Еще и теперь Версаль являет собой грандиозный, величественный символ автократии. В стороне от столицы, на искусственном холме, вне всякой связи с окружающей природой, господствуя над равниной, возвышается огромный замок. Сотнями окон смотрит он в пустоту поверх искусственно проложенных каналов, искусственно разбитых садов. Ни речки поблизости, вдоль которой могли бы раскинуться деревни, ни разветвленных дорог; нечаянная причуда властелина, овеществленная в камне, – вот чем представляется удивленному взору этот дворец со всей его безрассудной пышностью.

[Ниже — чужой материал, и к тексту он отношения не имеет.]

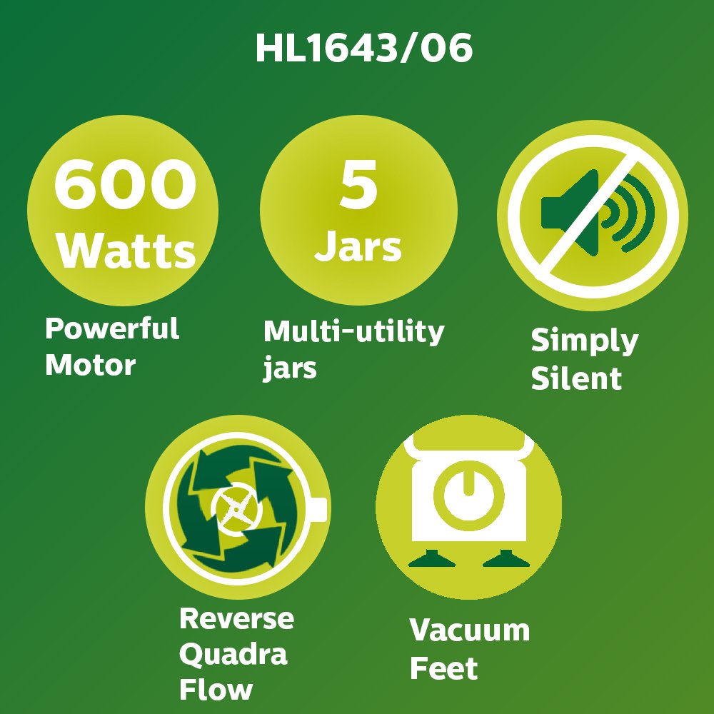 Philips Simple Silent Vertical HL1643 600-Watt Mixer Grinder with 5 Jars (Blue)

Этого как раз и желала цезаристская воля Людовика XIV – воздвигнуть сверкающий алтарь своему честолюбию, своему стремлению к самообожествлению. Убежденный автократ, властный человек, он подчинил своей державной воле раздробленную страну, предписал государству устройство, обществу – обычаи, двору – этикет, вере – единство, языку – чистоту. Его особа излучала эту волю к единообразию, его особе и надлежало поэтому купаться в лучах славы. «Государство – это я»; место, где я живу, – центр Франции, пуп земли. Воплощая эту идею совершенной исключительности своего положения, Roi-Soleil [22]закладывает свой дворец умышленно в стороне от Парижа. Именно тем, что он выбирает свою резиденцию вдали от всяких поселений, он подчеркивает – король Франции не нуждается ни в городах, ни в горожанах, не нужен ему и народ как опора или как фон власти. Достаточно ему только руку протянуть, приказать, и вот уже на болоте, на песках возникают сады и леса, каскады и гроты, чудесный, огромный дворец. Отныне из этой астрономической точки, выбранной силой его произвола, восходит солнце его королевства и в этой точке заходит. Версаль построен для того, чтобы со всей очевидностью доказать Франции: народ – ничто, король – всё.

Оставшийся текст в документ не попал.